Stored data:
--------

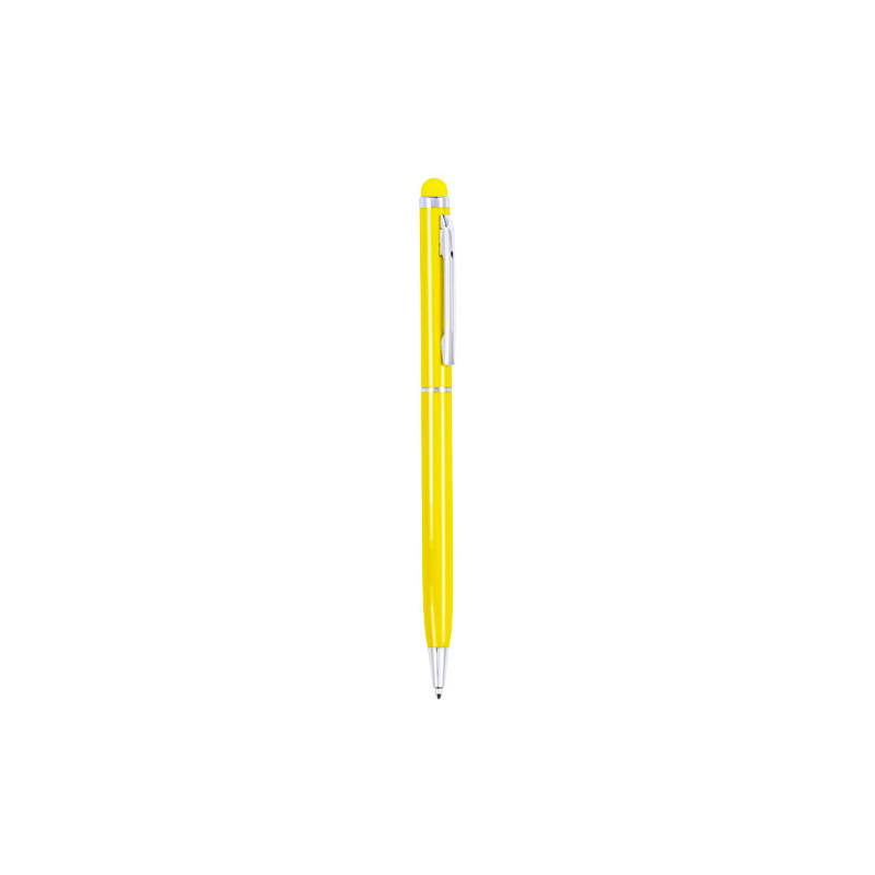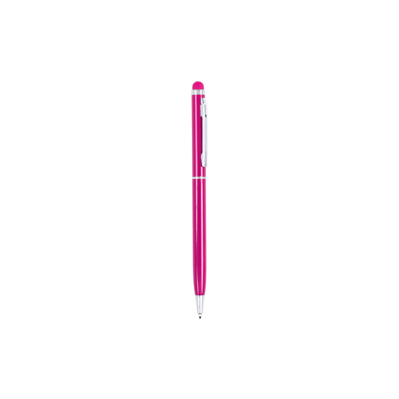 Ultra-fine aluminum body in a smooth metallic finish in varied colors and matching color stylus. Details and rings in silver color. Blue ink. 9.5gr.
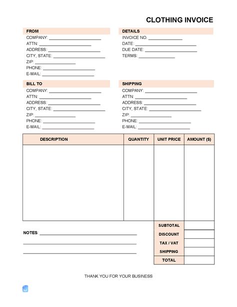 Clothing (Garments) Invoice Template Sample GeneEvaroJr
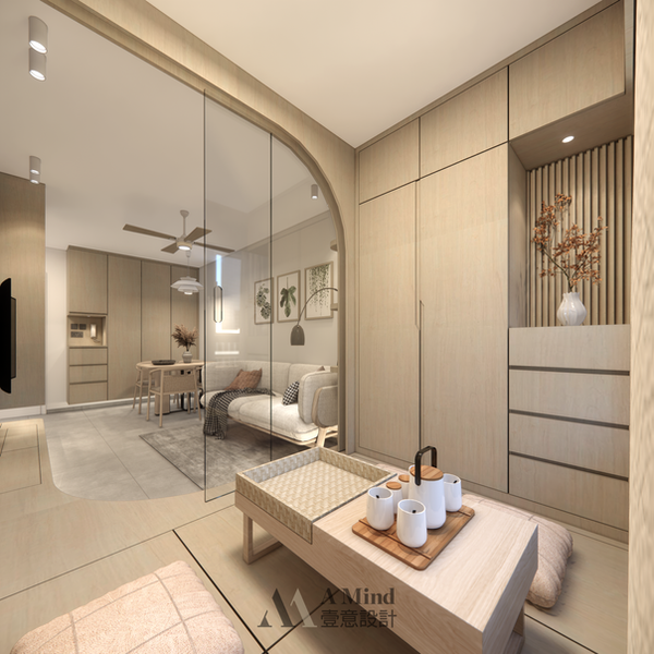 兩房設計|實用面積:380平方呎禪意日式|溫暖簡約設計心得:設計以簡樸天然木色為主調,搭配淺灰色調的水泥地磚。簡約的紋路 及 统一的色調,營造出一個既舒服 又自然的和式家居,全屋摒棄複雜的天花造型,保留原始自然的家居氣息,讓屋主置身於大自然一樣。
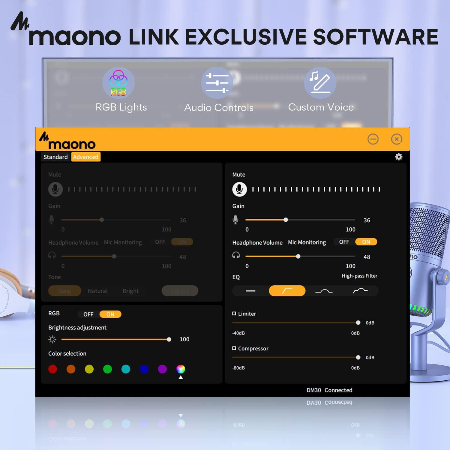 MAONO LINK Software: Maono link provides various simple audio settings, sound effects, RGB customization, and advanced audio settings. You can apply settings such as EQ, limiter, and compressor to customize your voice. Download Maono Link for extraordinary gaming and streaming experience.

--------

Exercise aim:
When a picture appears in the material, please pass over it while retyping the rest exactly.

Solution below:
 Ultra-fine aluminum body in a smooth metallic finish in varied colors and matching color stylus. Details and rings in silver color. Blue ink. 9.5gr.
 Clothing (Garments) Invoice Template Sample GeneEvaroJr
 兩房設計|實用面積:380平方呎禪意日式|溫暖簡約設計心得:設計以簡樸天然木色為主調,搭配淺灰色調的水泥地磚。簡約的紋路 及 统一的色調,營造出一個既舒服 又自然的和式家居,全屋摒棄複雜的天花造型,保留原始自然的家居氣息,讓屋主置身於大自然一樣。
 MAONO LINK Software: Maono link provides various simple audio settings, sound effects, RGB customization, and advanced audio settings. You can apply settings such as EQ, limiter, and compressor to customize your voice. Download Maono Link for extraordinary gaming and streaming experience.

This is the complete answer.